いつも送付される際に「一筆箋」のような文章が附属されているが、今回はめずらしくこぼしが多かった。
たしかに「活版小本」の杉本昭生氏がマッチ箱サイズをねらっても、あまり収穫がないような気はした。 このテはほかの豆本製作者に任せてもよいかもしれない。

ところで、やつがれ フランツ・カフカ(1883-1924)のひそかなファン。
したがって4 ページ 一丁、15丁60 ページ、前後見返しつき、前扉別紙差し込みからなるマッチ箱サイズの上製本、「活版小本 カフカ『道理の前で』」をうれしく拝読させていただいた。
そこでフトおもいだしたのは、この作品はチェコ プラハの「黄金の小径」で執筆されたのではないかというおぼろな記憶だった。

2013年晩夏、三泊四日の強行軍でプラハにいった。その報告は「花筏 朗文堂好日録038-喫煙ボヘミアン、プラハへゆく-01 プロローグ」にあるが、ここには序章があるだけでその後の記述はない。

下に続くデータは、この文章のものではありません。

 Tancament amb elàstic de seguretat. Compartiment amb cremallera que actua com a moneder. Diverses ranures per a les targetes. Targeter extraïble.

すなわちやつがれが情報過多に陥り、ひとさまにプラハの紹介をすることができなかったというのが苦しいいいわけになる。
2013年のプラハ行きはロシアの航空会社「アエロフロート航空」で、モスクワ経由でいった。
このときの収穫はすくなくなかったが、ともかく魅力がおおすぎて、未整理なままやつがれの胸裡の片隅にある。
2014年に再挑戦をこころみたが、円安のためもあって旅費が高騰していた。

プラハにはいま、アダナ・プレス倶楽部会員・博士山崎が研究のため長期滞在中である。
ノー学部と博士山崎は情報交換が盛んである。したがってどうやらもう一度プラハにいく機会がありそうな昨今である。

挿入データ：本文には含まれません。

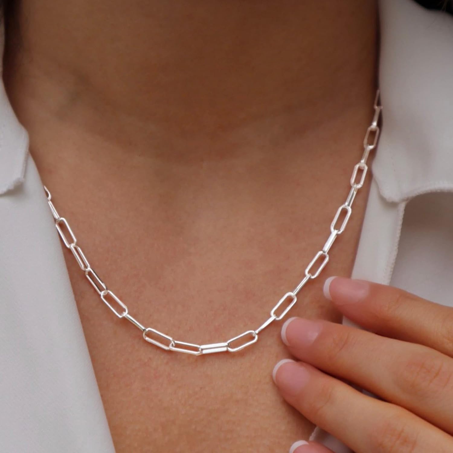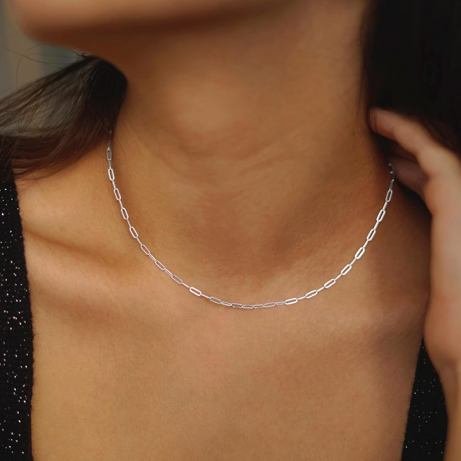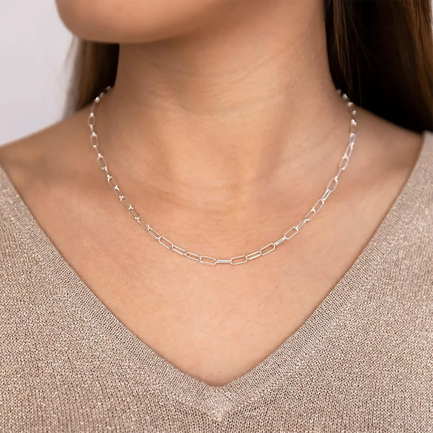 OCHCOH 925 Sterling Silver Clasp 2.5/3/4/5mm Paperclip Chain for Women Silver Chain Necklace 16, 18, 20, 22, 24, 26, 30 Inches

プラハの一隅にはカフカの生家があり、そこはちいさな博物館となって公開こされているという。そしてカフカの墓は、その近く「ユダヤ人墓地」にあるという。
前回はユダヤ街にいく時間がなかった。再訪を得たらぜひともたずねたいとおもう。

すなわち、畏友杉本昭生が製作し、失敗作と自嘲した一冊の活版小本が契機となって、プラハ行きを決断することになったということである。

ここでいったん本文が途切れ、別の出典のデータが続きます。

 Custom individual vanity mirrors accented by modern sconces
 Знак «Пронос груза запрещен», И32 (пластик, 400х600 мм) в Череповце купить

プラハ絵はがき01 プラハ絵はがき02 プラハ絵はがき03 プラハ絵はがき04プラハ市販の長尺絵はがきより。下から二段目、プラハ城脇、かつて錬金術士が居住したことから「黄金の小径」と呼ばれる長屋街。いまはみやげ店がならぶ観光スポット。左手の青い22番の建物は、カフカがここで『城』などの作品を執筆していたとされる。